▶ **What you should do**: What are the lines below, starting at the line containing "zgnilizna (i to" and ending at the line containing "Stencil Design 243"? Write them out exactly, ends included, without pictures.

▶ **Data section**:
--- START ---

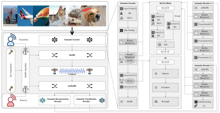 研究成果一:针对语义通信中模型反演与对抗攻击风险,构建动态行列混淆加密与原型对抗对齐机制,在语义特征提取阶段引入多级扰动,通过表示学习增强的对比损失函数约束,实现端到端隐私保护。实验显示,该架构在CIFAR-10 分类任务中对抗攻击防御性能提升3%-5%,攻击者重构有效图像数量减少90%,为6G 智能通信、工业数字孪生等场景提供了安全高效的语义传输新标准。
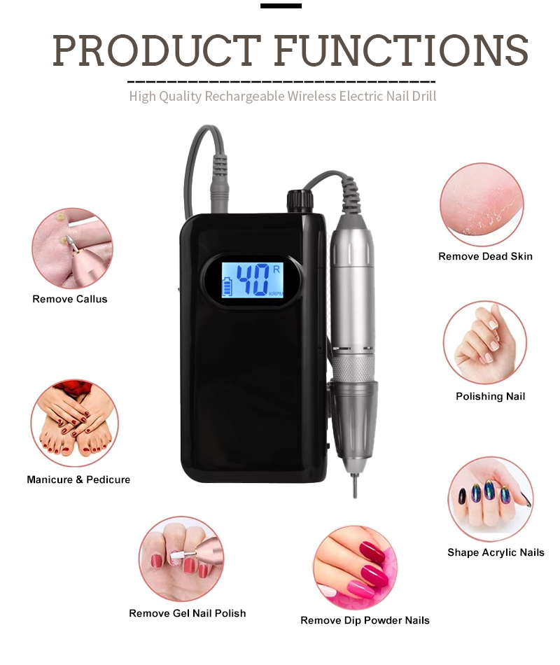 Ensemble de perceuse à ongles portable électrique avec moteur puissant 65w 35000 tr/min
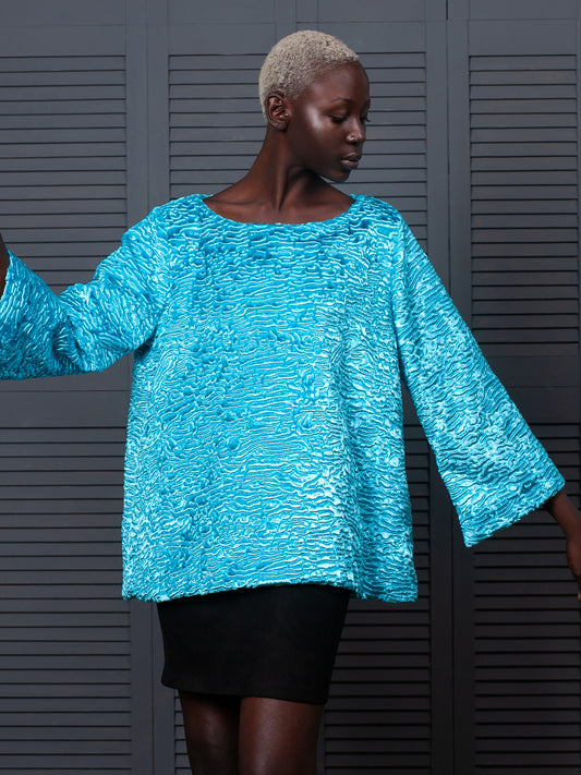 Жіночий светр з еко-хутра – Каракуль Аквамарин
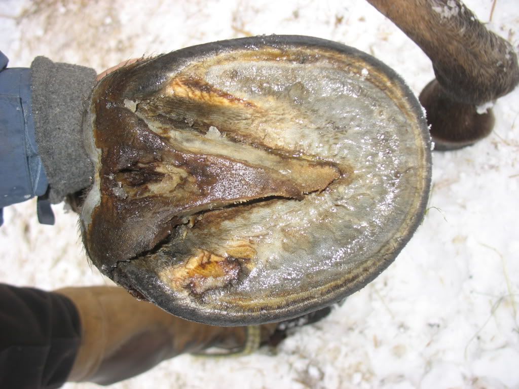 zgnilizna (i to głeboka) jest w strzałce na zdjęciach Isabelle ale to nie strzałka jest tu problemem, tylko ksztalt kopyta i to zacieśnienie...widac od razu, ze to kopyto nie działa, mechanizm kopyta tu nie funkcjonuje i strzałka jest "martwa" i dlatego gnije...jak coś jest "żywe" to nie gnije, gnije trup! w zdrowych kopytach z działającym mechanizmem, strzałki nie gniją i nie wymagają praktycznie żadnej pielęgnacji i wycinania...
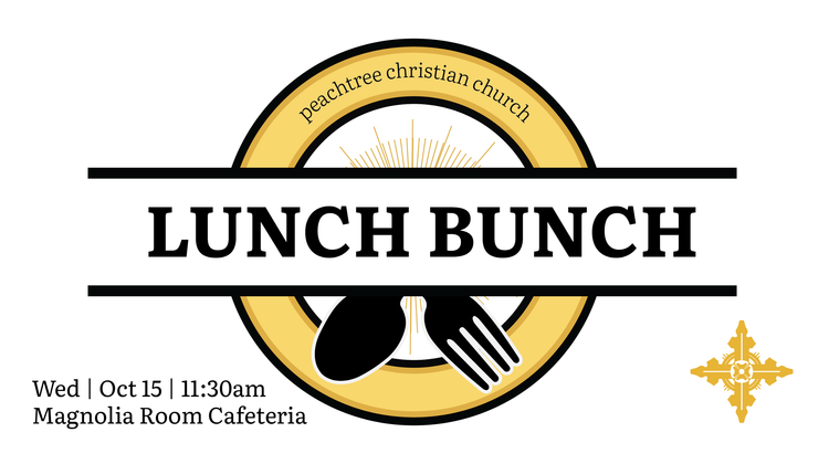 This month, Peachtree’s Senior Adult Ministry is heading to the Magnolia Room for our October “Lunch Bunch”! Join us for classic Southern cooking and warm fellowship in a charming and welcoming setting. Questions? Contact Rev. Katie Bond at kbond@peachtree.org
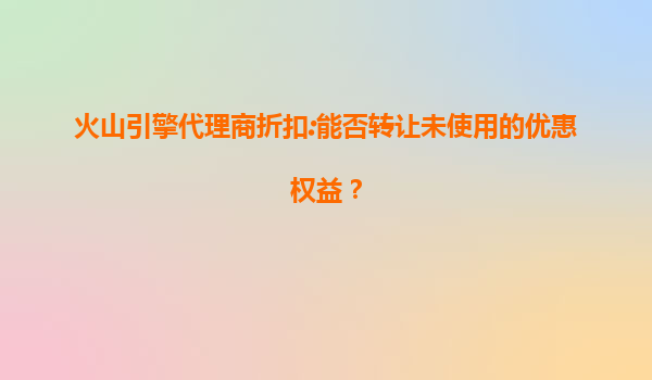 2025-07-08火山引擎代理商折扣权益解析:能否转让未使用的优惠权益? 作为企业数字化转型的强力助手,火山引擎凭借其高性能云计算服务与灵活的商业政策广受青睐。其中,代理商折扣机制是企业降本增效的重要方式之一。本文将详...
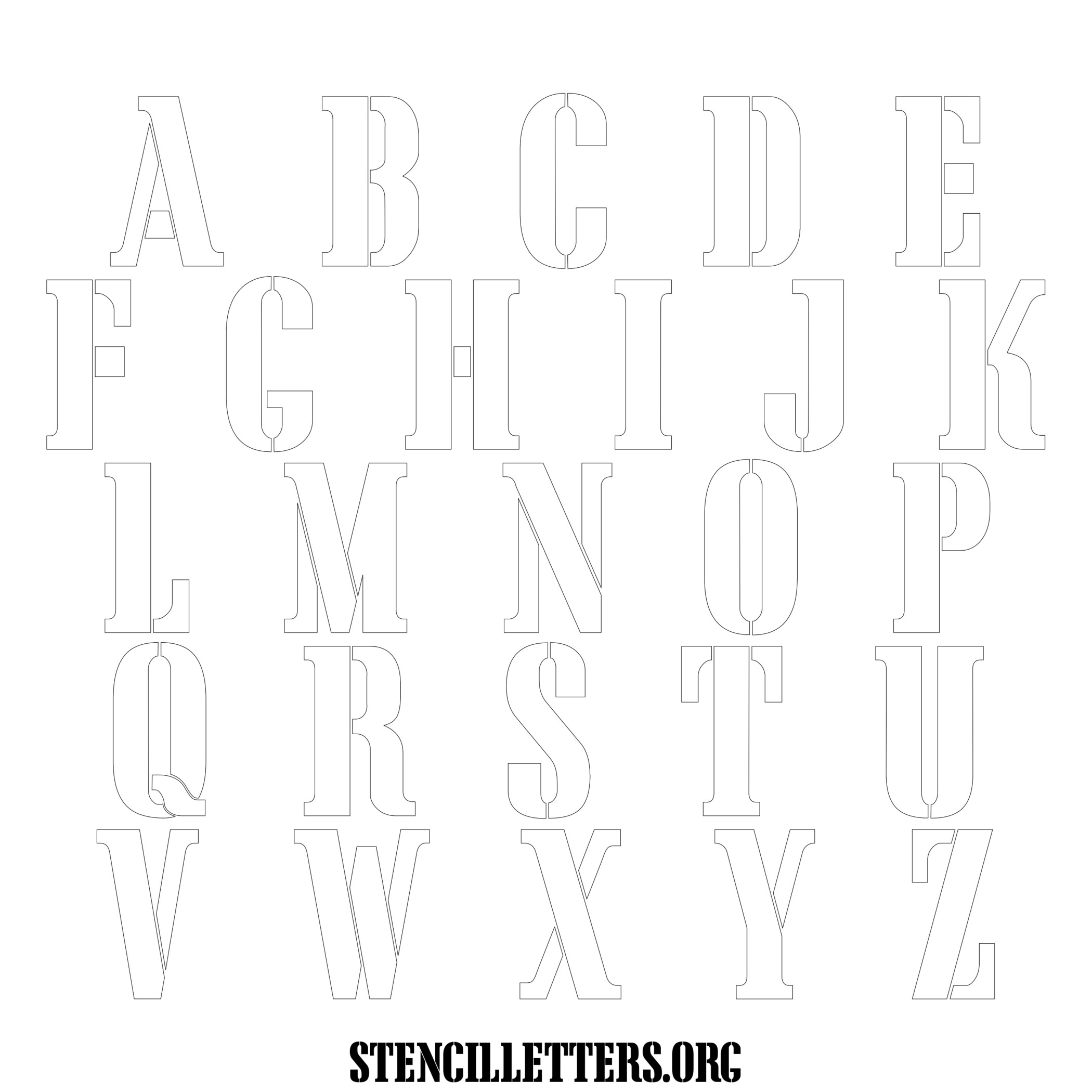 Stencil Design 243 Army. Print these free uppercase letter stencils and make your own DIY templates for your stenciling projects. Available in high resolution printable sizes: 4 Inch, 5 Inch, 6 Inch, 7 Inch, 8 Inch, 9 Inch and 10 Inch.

--- END ---
--- START ---

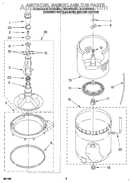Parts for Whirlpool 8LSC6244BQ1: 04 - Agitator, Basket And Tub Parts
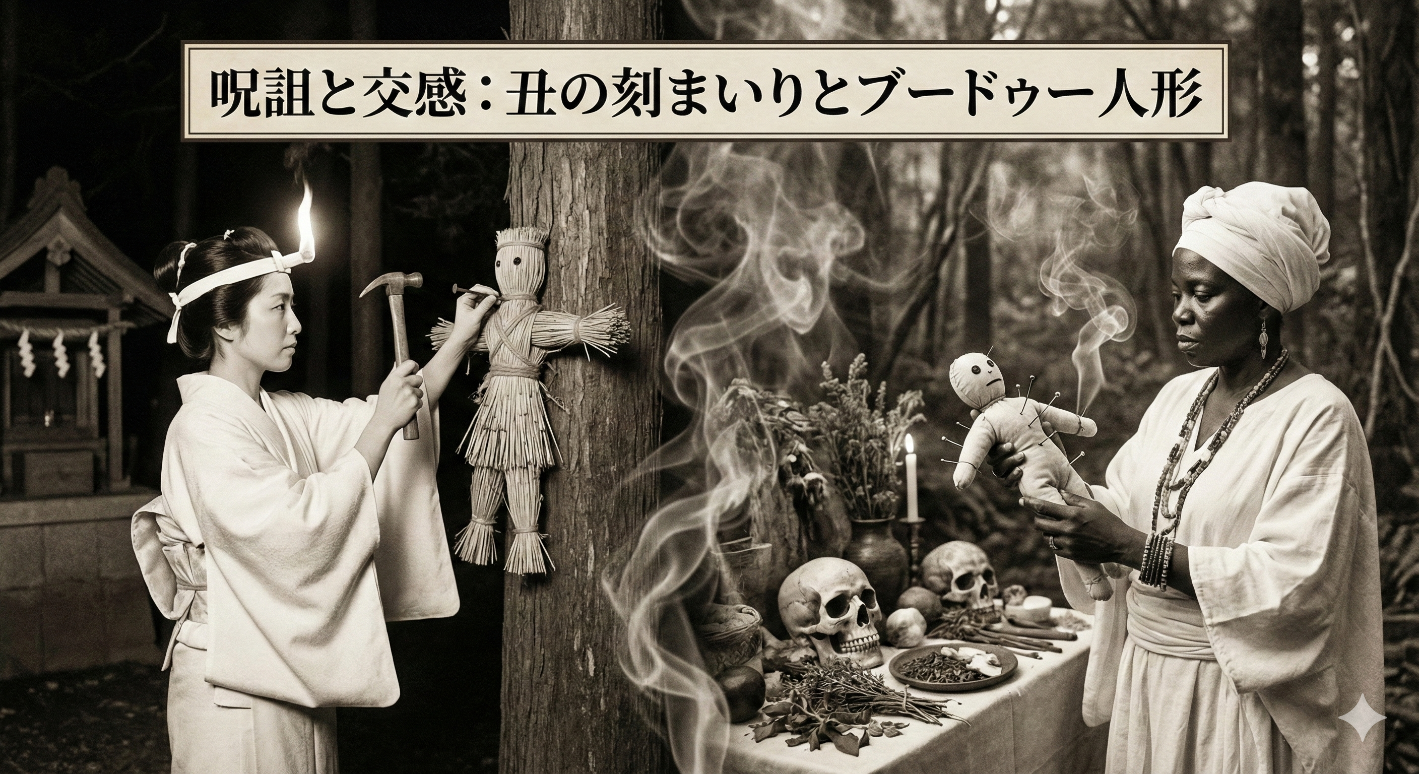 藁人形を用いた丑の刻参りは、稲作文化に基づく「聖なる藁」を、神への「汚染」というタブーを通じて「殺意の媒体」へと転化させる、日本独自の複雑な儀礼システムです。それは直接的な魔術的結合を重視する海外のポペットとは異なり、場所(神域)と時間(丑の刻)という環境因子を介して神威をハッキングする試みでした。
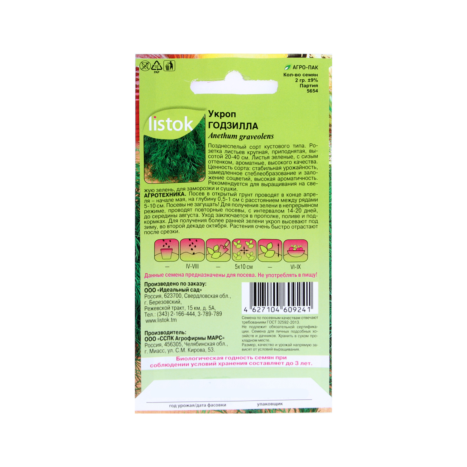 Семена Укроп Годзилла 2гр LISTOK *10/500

--- END ---

▶ **Output of the task**:
 zgnilizna (i to głeboka) jest w strzałce na zdjęciach Isabelle ale to nie strzałka jest tu problemem, tylko ksztalt kopyta i to zacieśnienie...widac od razu, ze to kopyto nie działa, mechanizm kopyta tu nie funkcjonuje i strzałka jest "martwa" i dlatego gnije...jak coś jest "żywe" to nie gnije, gnije trup! w zdrowych kopytach z działającym mechanizmem, strzałki nie gniją i nie wymagają praktycznie żadnej pielęgnacji i wycinania...
 This month, Peachtree’s Senior Adult Ministry is heading to the Magnolia Room for our October “Lunch Bunch”! Join us for classic Southern cooking and warm fellowship in a charming and welcoming setting. Questions? Contact Rev. Katie Bond at kbond@peachtree.org
 2025-07-08火山引擎代理商折扣权益解析:能否转让未使用的优惠权益? 作为企业数字化转型的强力助手,火山引擎凭借其高性能云计算服务与灵活的商业政策广受青睐。其中,代理商折扣机制是企业降本增效的重要方式之一。本文将详...
 Stencil Design 243 Army. Print these free uppercase letter stencils and make your own DIY templates for your stenciling projects. Available in high resolution printable sizes: 4 Inch, 5 Inch, 6 Inch, 7 Inch, 8 Inch, 9 Inch and 10 Inch.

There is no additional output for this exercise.